START Data provided

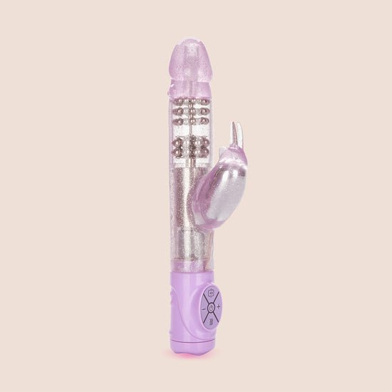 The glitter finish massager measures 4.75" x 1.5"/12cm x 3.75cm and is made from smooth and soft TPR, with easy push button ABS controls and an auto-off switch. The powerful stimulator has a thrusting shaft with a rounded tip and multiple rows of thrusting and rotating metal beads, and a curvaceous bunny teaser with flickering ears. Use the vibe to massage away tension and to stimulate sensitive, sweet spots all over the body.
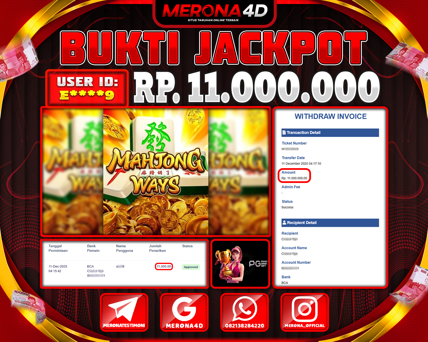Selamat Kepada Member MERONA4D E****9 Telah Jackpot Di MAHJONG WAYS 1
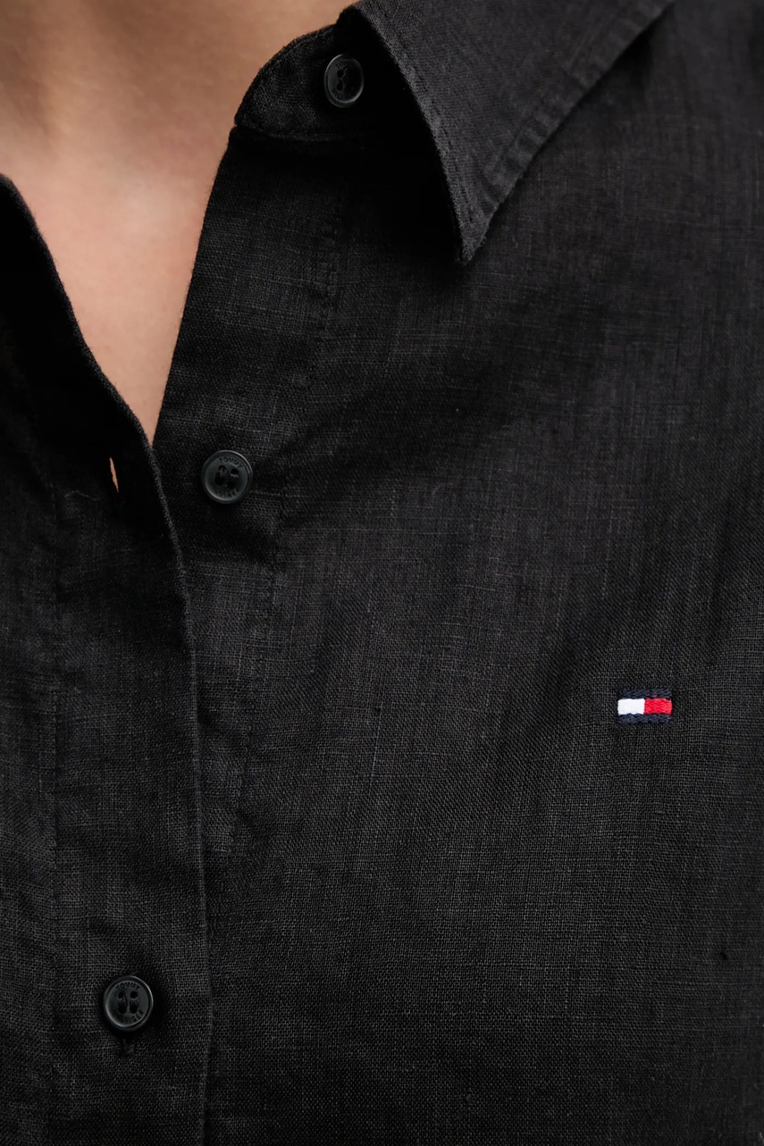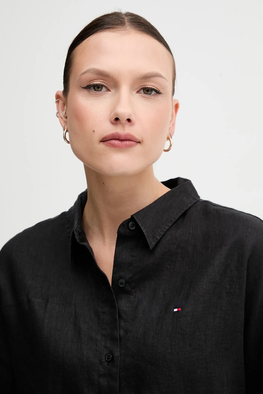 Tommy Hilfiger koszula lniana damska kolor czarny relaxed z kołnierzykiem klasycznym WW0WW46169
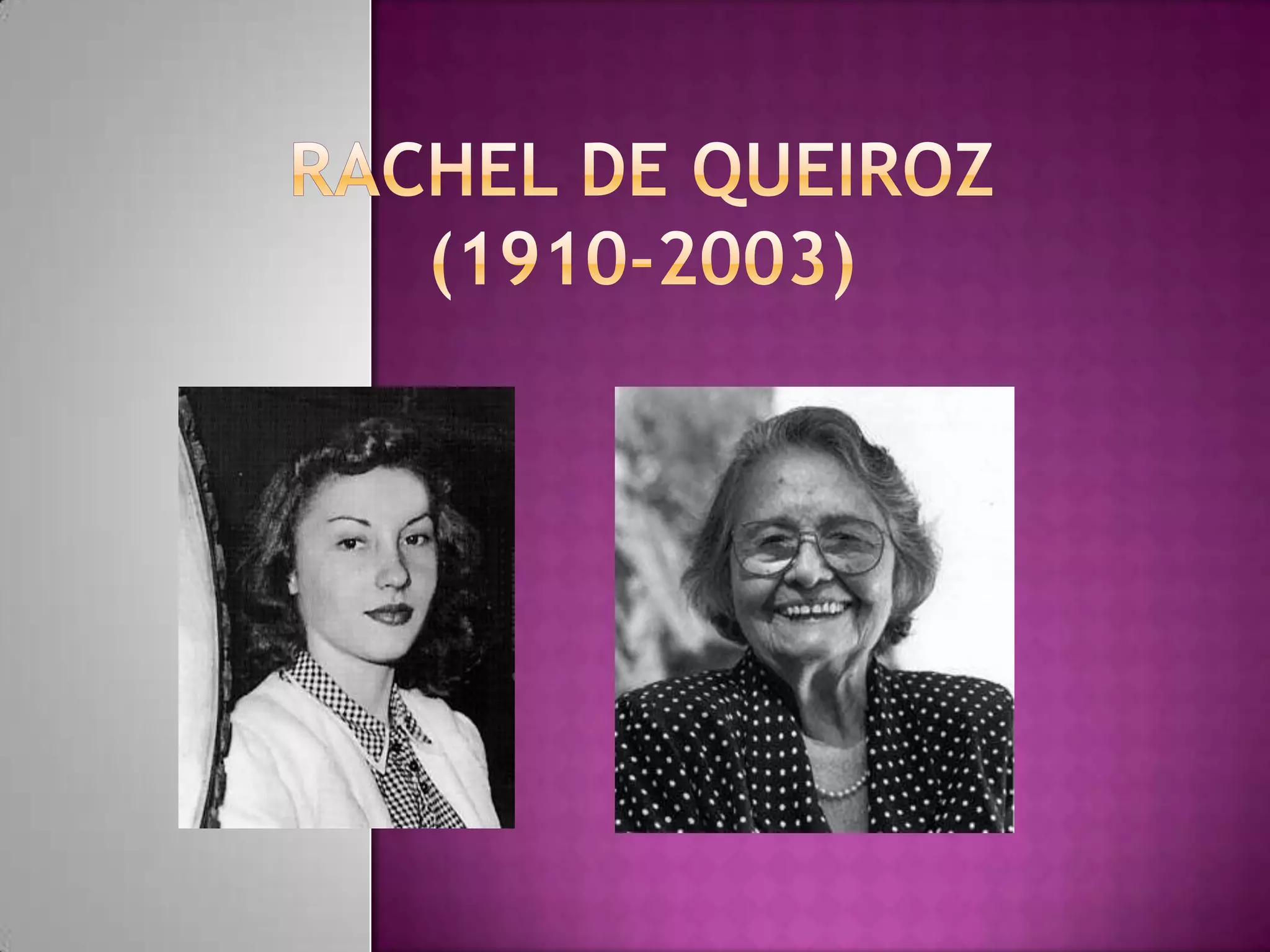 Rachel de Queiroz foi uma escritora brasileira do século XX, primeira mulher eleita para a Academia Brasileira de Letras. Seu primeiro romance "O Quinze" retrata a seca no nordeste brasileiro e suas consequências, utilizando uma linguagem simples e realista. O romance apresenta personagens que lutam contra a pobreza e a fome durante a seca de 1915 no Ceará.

END Data provided

Goal of the exercise: Would you set down each line of the listing above exactly, apart from the pictures?

Expected answer:
 The glitter finish massager measures 4.75" x 1.5"/12cm x 3.75cm and is made from smooth and soft TPR, with easy push button ABS controls and an auto-off switch. The powerful stimulator has a thrusting shaft with a rounded tip and multiple rows of thrusting and rotating metal beads, and a curvaceous bunny teaser with flickering ears. Use the vibe to massage away tension and to stimulate sensitive, sweet spots all over the body.
Selamat Kepada Member MERONA4D E****9 Telah Jackpot Di MAHJONG WAYS 1
 Tommy Hilfiger koszula lniana damska kolor czarny relaxed z kołnierzykiem klasycznym WW0WW46169
 Rachel de Queiroz foi uma escritora brasileira do século XX, primeira mulher eleita para a Academia Brasileira de Letras. Seu primeiro romance "O Quinze" retrata a seca no nordeste brasileiro e suas consequências, utilizando uma linguagem simples e realista. O romance apresenta personagens que lutam contra a pobreza e a fome durante a seca de 1915 no Ceará.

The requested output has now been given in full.